WASHINGTON, Jan 26 (Reuters) - U.S. stocks retreated
Wednesday, erasing strong gains, after the Federal Reserve
signaled an interest rate hike could be coming soon, while
supply concerns stemming from tension between Russia and Ukraine
saw oil prices touch highs not seen since 2014.

Wall Street ended the day in mixed territory after spending
most of the day up roughly 2%. Stocks shed those gains following
an afternoon policy update from the Fed and press conference by
Fed Chairman Jerome Powell, which suggested the Fed would push
forward with interest rate hikes.

The Dow Jones Industrial Average closed down 0.38%,
while the S&P 500 fell 0.15% and the Nasdaq Composite
gained just 0.02%.

The MSCI world equity index, which tracks
shares in 45 nations, was largely flat.

In its latest policy update, the Fed signaled it is likely
to raise U.S. interest rates in March and reaffirmed plans to
end its bond purchases that month before launching a significant
reduction in its asset holdings.

In the follow-up press conference, Powell warned that
inflation remains above the Fed's long-run goal and supply chain
issues may be more persistent than previously thought. Stocks
turned negative during his comments, as some investors bet the
Fed would prioritize fighting inflation over ensuring robust
economic growth.

"The market took notice of the stress the Fed Chair put on
the inflation side of the equation combined with his stressing
of the tight labor market. This implies that the Fed could be
comfortable with some reduction in the pace of overall economic
growth," said Russell Price, chief economist at Ameriprise
Financial Services.

The Fed also said its policy-setting members had agreed on a
set of principles for shrinking its balance sheet, set to start
sometime after interest hikes begin. The Fed's balance sheet
roughly doubled in size during the pandemic to nearly $9
trillion, as it snapped up bonds to help keep longer-term
interest rates down to support the economy.
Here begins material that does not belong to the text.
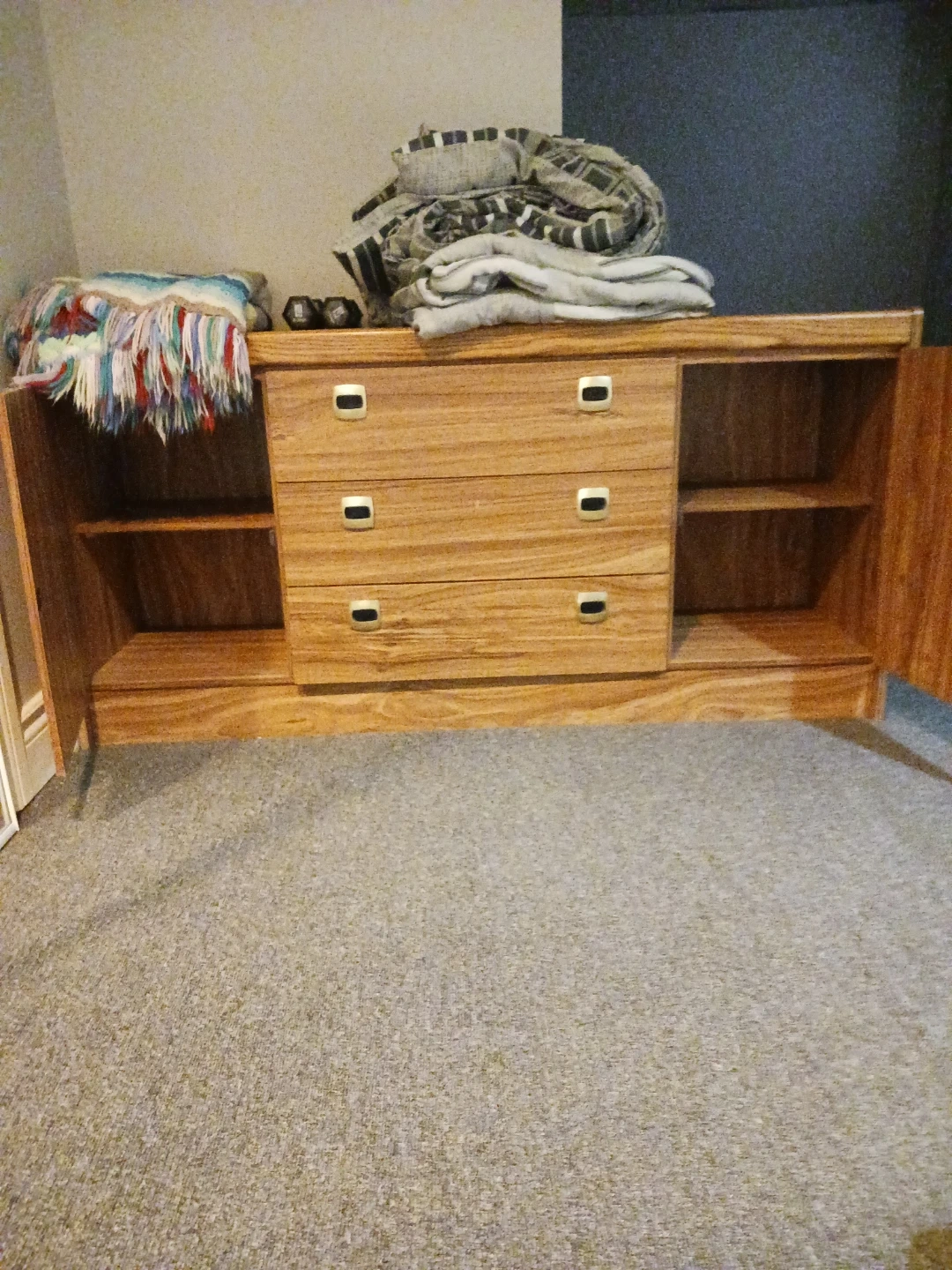 Wooden Dresser with 3 Drawers and Cabinet Doors

U.S. Treasury yields rose as the Fed issued its update. The
U.S. Treasury 2-year yields hit their highest level since
February 2020. The benchmark U.S. 10-year yield
climbed to 1.8709% shortly after the Fed statement.
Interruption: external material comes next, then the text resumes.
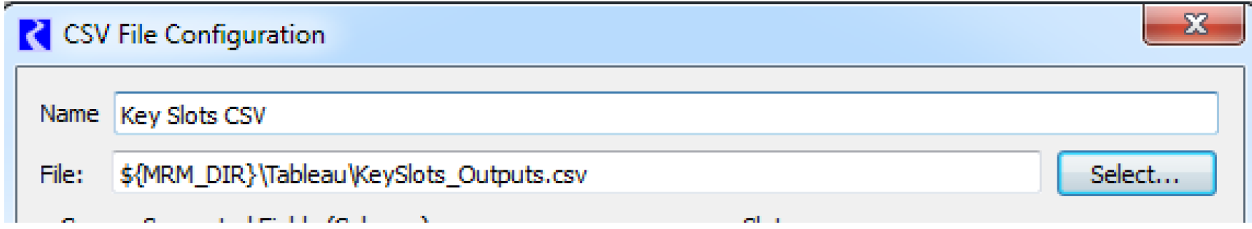 Figure 3.6 shows the list of available elements. The CSV output file will contain a column for each item selected. The text shown in the CSV File Configuration dialog will be used as the column header. The Slot Value column is the only column that will contain true “output” data from the MRM run. The Slot Value will be considered a “measure” within Tableau. The remaining columns contain information associated with each Slot Value and will be considered

The dollar hit a three-week high after the Fed news. The
dollar index, which tracks the greenback versus a basket
of six currencies, rose 0.58%.

Spot gold prices were down 1.64% to $1,817.31 an
ounce.

OIL TOUCHES SEVEN-YEAR HIGH

Growing tension as Russian troops massed on Ukraine's border
continued to push oil prices higher amid concerns of supply
disruption, with oil clearing $90 a barrel for the first time
since 2014.

U.S. President Joe Biden said on Tuesday he would consider
personal sanctions on President Vladimir Putin if Russia invaded
Ukraine, as Western leaders stepped up military preparations and
made plans to shield Europe from a possible energy supply shock.

Brent crude ended up 1.55% to $89.57 a barrel. U.S.
crude ended up 1.65% at $87.01 per barrel.